Otherwise, they might feel like parenting failures as they compare themselves with other moms. So they drink wine while they make dinner, which can lead to a nightly pattern of excessive drinking.
That describes nurse practitioner Eileen O’Grady, who quit drinking 12 years ago.
O’Grady, who lives in McLean, Virginia, says her two sons, now in college, never really saw her drunk, but she couldn’t bear the thought of continuing her destructive double life. She drank continually from dinner until she went to sleep, she says, then started again the next evening.
For O’Grady, the last straw came after a night of especially hard drinking with another mom in her neighborhood.
The other woman, a schoolteacher, vomited in O’Grady’s car. She returned the next day to clean it up. O’Grady hasn’t taken another drink. “I could see my life if I kept going,” O’Grady says. She is active in her recovery community and works as a wellness coach.
Her schoolteacher friend taught classes until last fall. Within days of leaving the classroom, she was in a hospital with end-stage liver disease. She died in hospice Jan. 3.
At least 15 people at the woman’s memorial service asked O’Grady how her friend had died.
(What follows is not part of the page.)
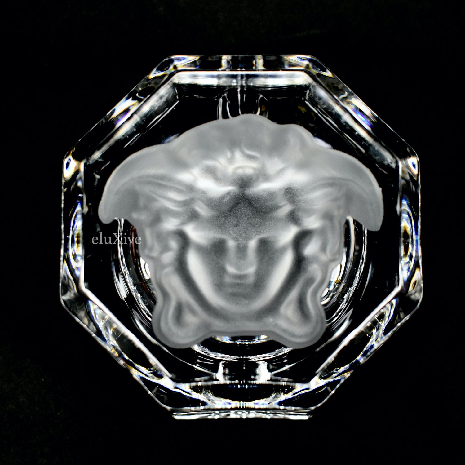 - Features signature medusa head and Greek key logos shaped in opaque 3D crystal

They were stunned to learn alcohol was the cause.
The woman was poisoning herself with a half-gallon of vodka a day, O’Grady says, yet no one knew beyond her immediate family, O’Grady and a mutual friend in the neighborhood.
“We’re closeted,” O’Grady says. “We’re not in bars getting in fights.”
Durham was on a liver transplant list for about five months in 2011 and 2012. Then she learned she no longer needed a new liver.
“Livers have a great capacity for recovery,” says Michael Lucey, a professor and head of the division of gastroenterology and hepatology at the University of Wisconsin medical school.
Durham was in a sorority at the University of Mississippi, where beauty was competitive and a popular saying was “pretty is as pretty does.”
“But there was nothing pretty about my drinking,” she says.
If she had been diagnosed with breast cancer, Durham says, she wouldn’t think twice about getting treatment and talking about it.
Durham stopped drinking six years ago Thursday. She says she surprises people with how openly she shares the gritty details of her near-death experience.
“I want to show the world what recovery looks like, especially for women where stigma is still the way it is,” Durham says. “I want people to know there is hope.”
Erika Byrd called her father in hysterics on April 9, 2011. She had been fired after failing to turn in paperwork to get disability coverage through her law firm.
“I don’t want to want it, but I want it,” Byrd recalls her saying through her sobs.
“I said, ‘If you can stop drinking, you can do anything,’ ” Byrd says. “I told her, ‘We love you, Erika,’ and she hung up.”
Byrd and his wife were getting ready to go to church the next day when there was a knock on the door. A pastor stood with a police officer.
Erika was dead.
A doctor from the National Institute for Mental Health called to ask if the Byrds would consider donating Erika’s brain for research.
They said yes.
“She had done everything she knew how to to beat this terrible disease,” Byrd says. “I would think she would want it.”